====== Records to process

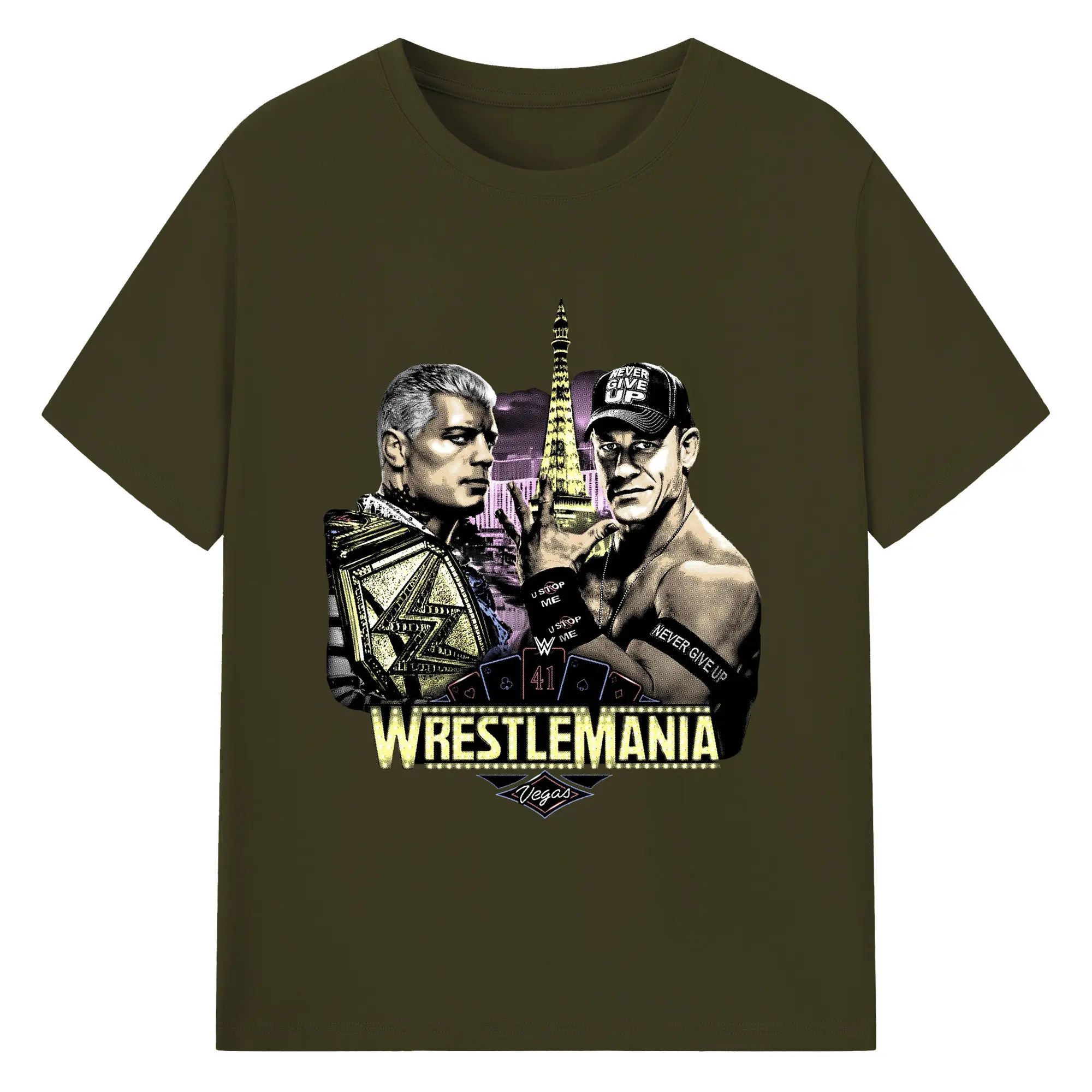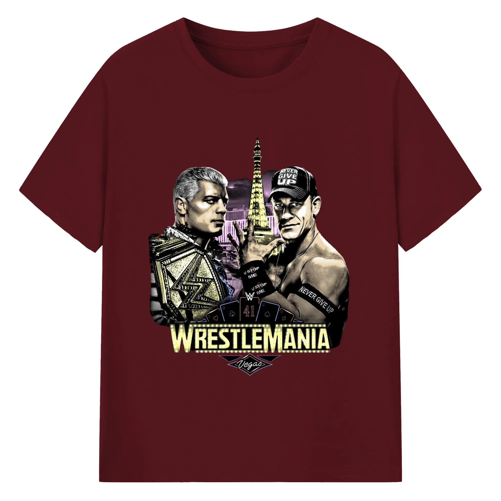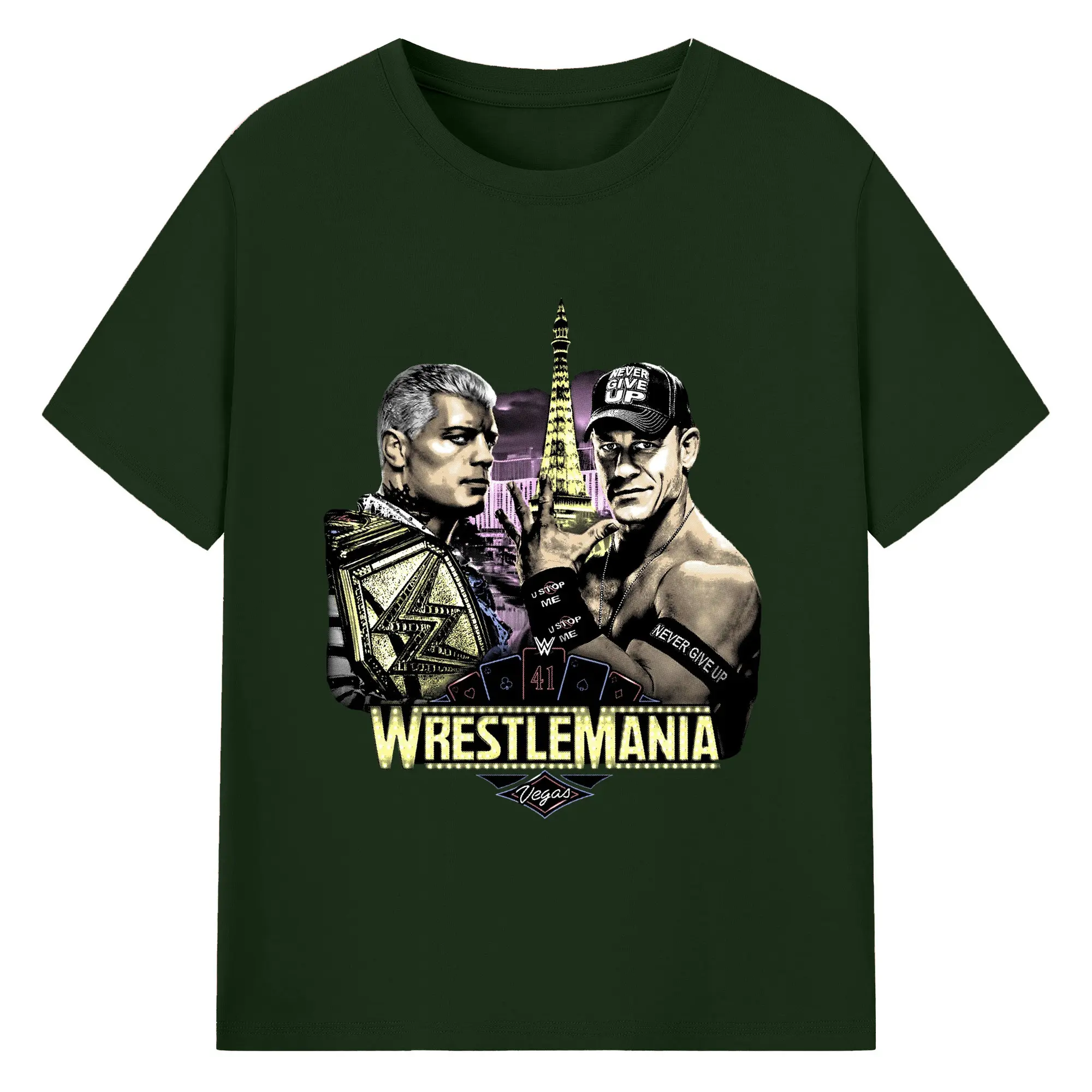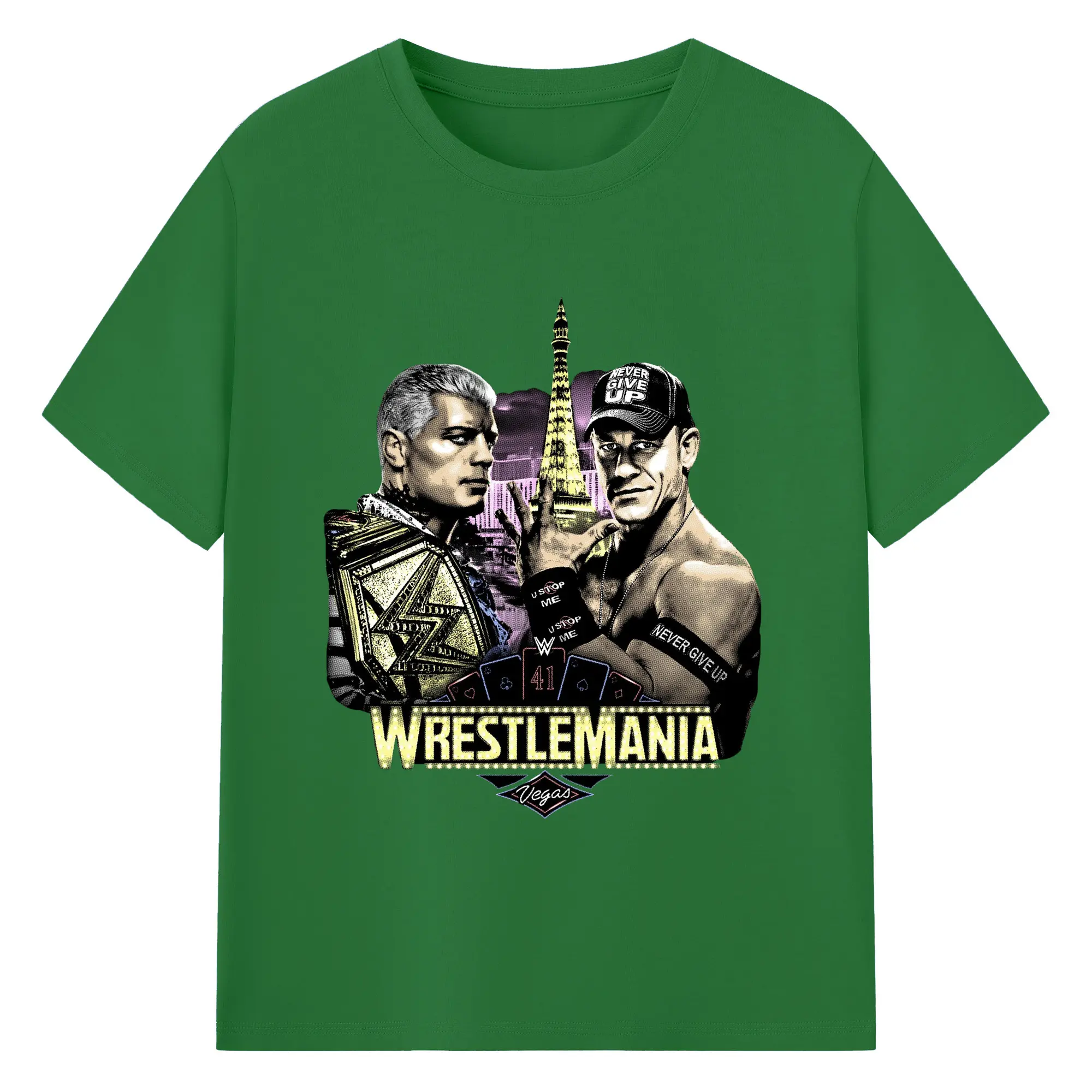 John Cena&Cody Rhodes WWE WrestleMania Las Vegas Wrestling DIY Shirt - 180g Cotton T-Shirt With Front Heat Transfer Print – Soft, Lightweight, Fitted Design – Comfortable Casual Wear For Sports & Everyday Use
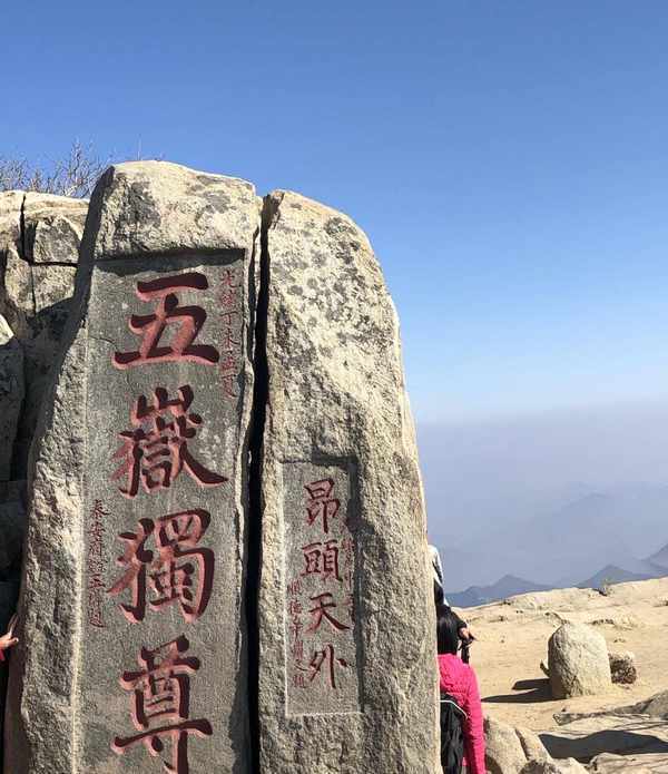 在泰山山顶玉皇阁旁有耸立着一块“五岳独尊”的石刻,这是泰山的标志性景观,为当时泰安府宗室玉构所提。
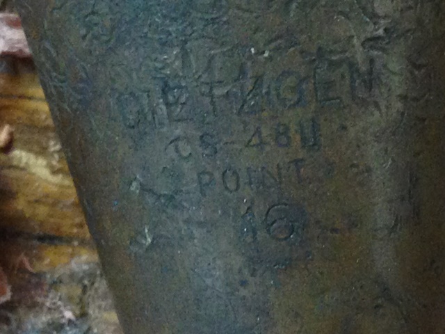 I found a wide assortment of items while out this past week. Thought I would share a few of them with you all. First up I found this nice old wooden hand plane. I haven't working on any research for it yet and I am having a bit of trouble making out all of the letters on the iron and the plane. The letters on the plane iron are also a little hard at this time to make out. Of course your eyes may be better than mine. Then I got this nice Brass Dietzgen Plumb Bob. You had to look pretty hard to find the name and information. Then I ran into a couple of items that just made there way home with us. This nice wicker rocker sits pretty nice on the deck. And I for some unknown reason just liked this old metal adjustable stool. And I have another use for these old adjustable window bars but that will be a topic later. This Patriot Picking is just way too much fun!
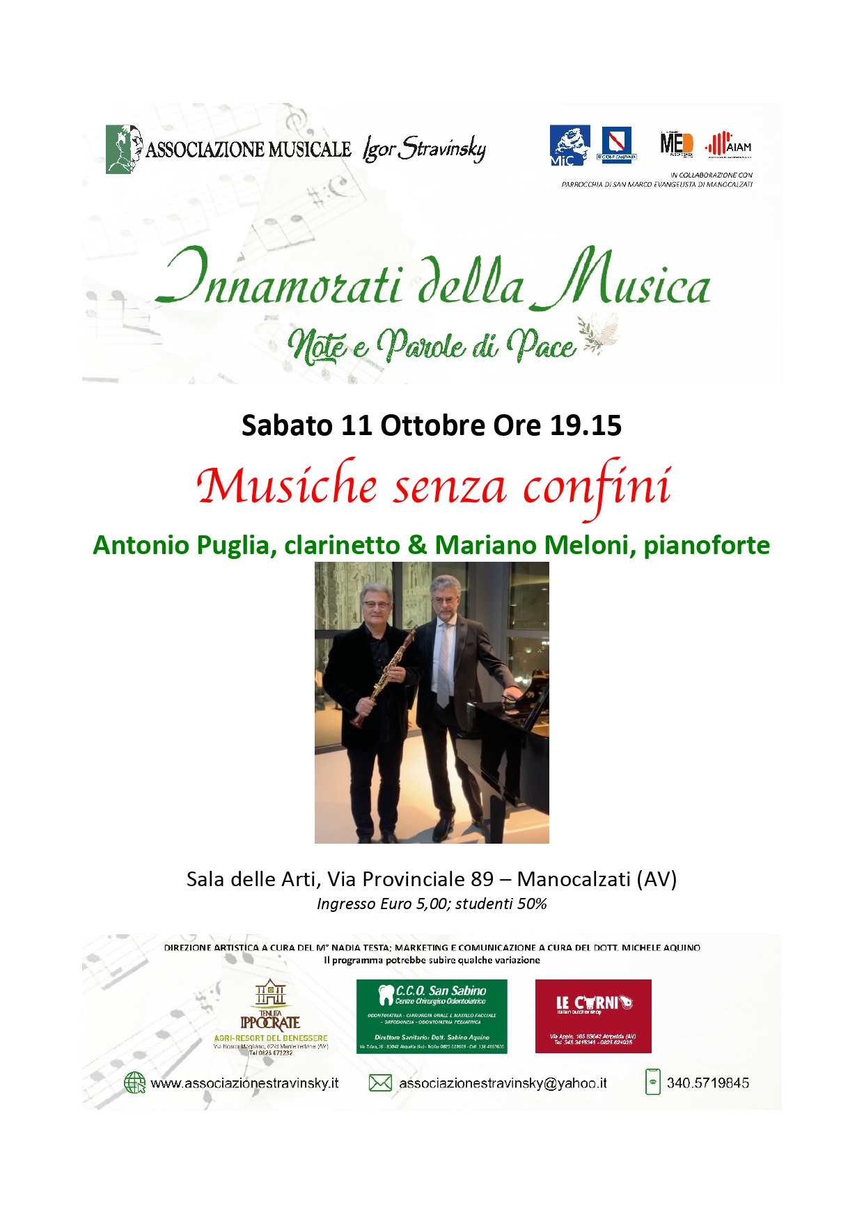 Dopo il grande successo del reading “Tacer cantando” di Enzo Decaro, dedicato all’amore impossibile tra Pasolini e la Callas, la stagione concertistica di ottobre di “Innamorati della Musica” dell’Associazione Igor Stravinsky di Avellino continua sabato 11 ottobre: la Sala delle Arti ospiterà alle ore 19.15 il Duo Mistral composto da Antonio Puglia al clarinetto e Mariano meloni al pianoforte che attraverso “Musiche senza confini” lanceranno il loro messaggio di Pace.
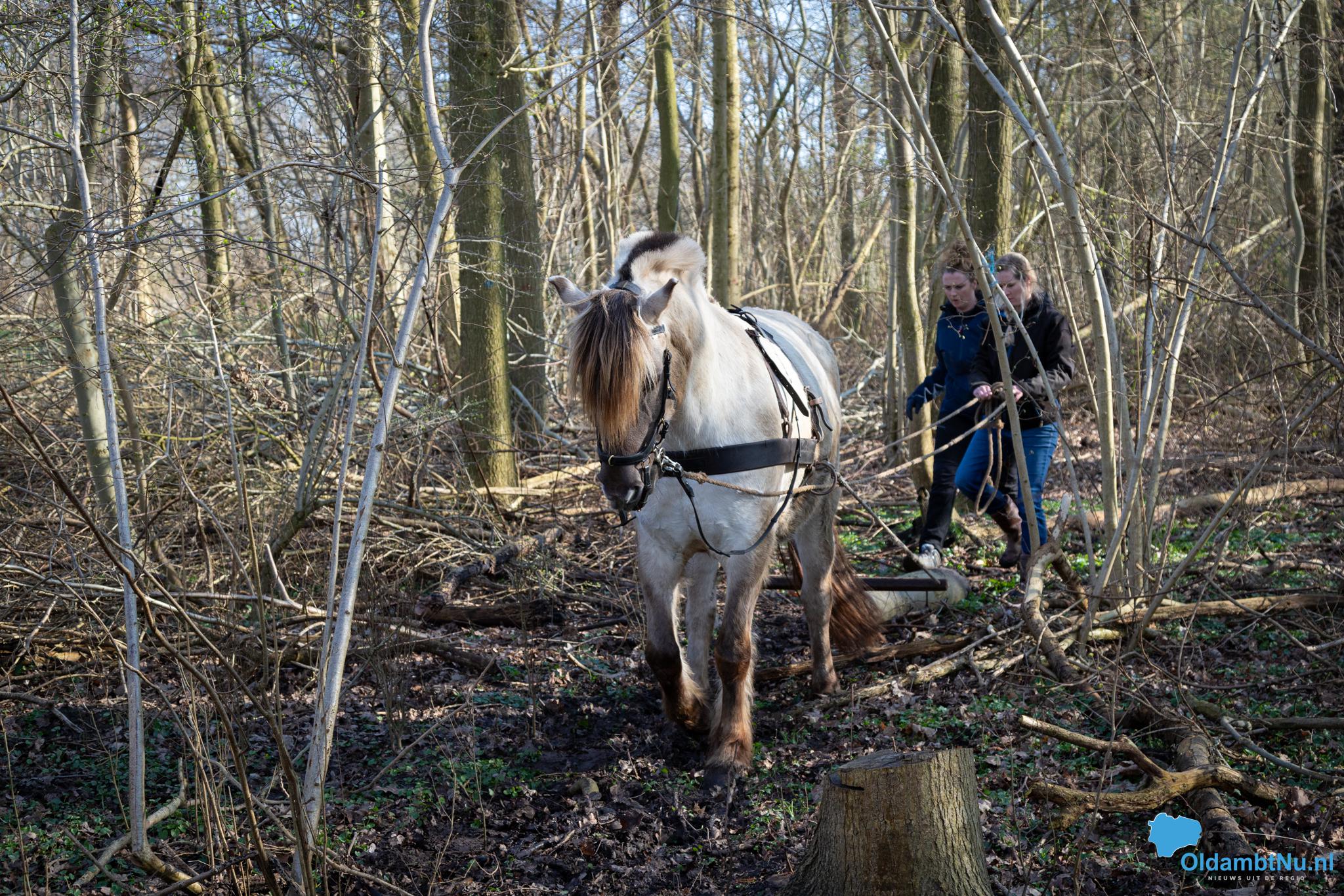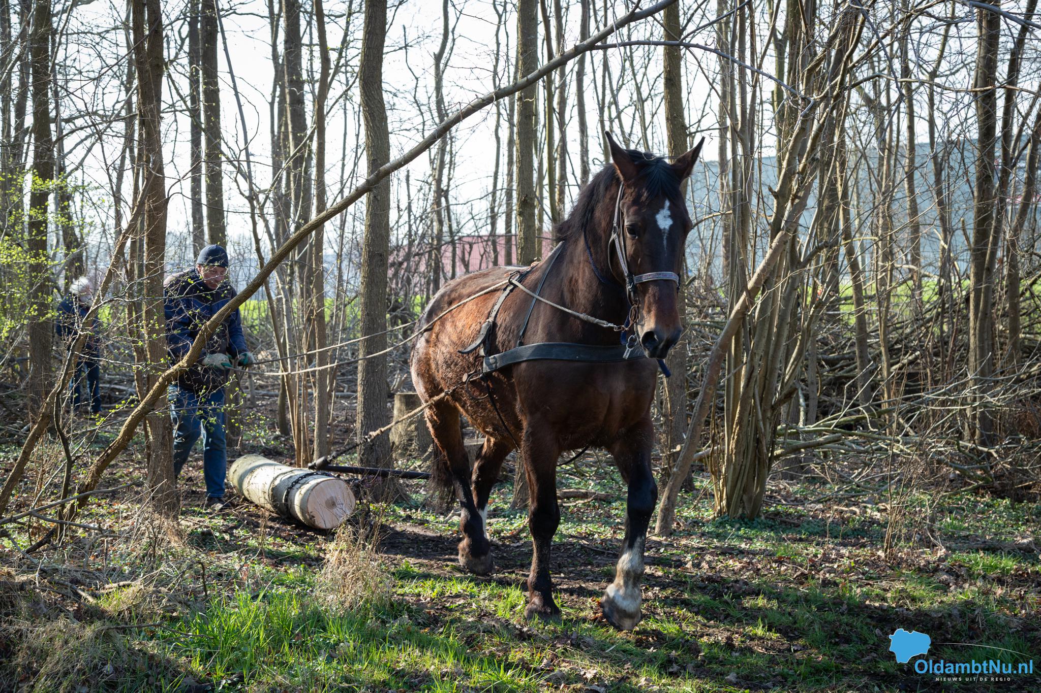 Omdat het slepen met bomen best een zware klus is, is er al vrij snel, met subsidie van de gemeente, een trekkertje aangeschaft. Deze dag werden de boomstammen echter uit het bos gehaald door trekpaarden. Het leek even “vroeger tijden”, maar hoe praktisch het is blijkt wel wanneer de paarden moeiteloos door de begroeiing lopen over de zompige ondergrond. Daar waar machines niet zouden kunnen komen zonder veel te vernielen.

============

What to work on » Word for word, output the lines from the beginning of the listing through the line holding "在泰山山顶玉皇阁旁有耸立着一" and nothing beyond them. Omit the pictures.

Exercise solution »
 John Cena&Cody Rhodes WWE WrestleMania Las Vegas Wrestling DIY Shirt - 180g Cotton T-Shirt With Front Heat Transfer Print – Soft, Lightweight, Fitted Design – Comfortable Casual Wear For Sports & Everyday Use
 在泰山山顶玉皇阁旁有耸立着一块“五岳独尊”的石刻,这是泰山的标志性景观,为当时泰安府宗室玉构所提。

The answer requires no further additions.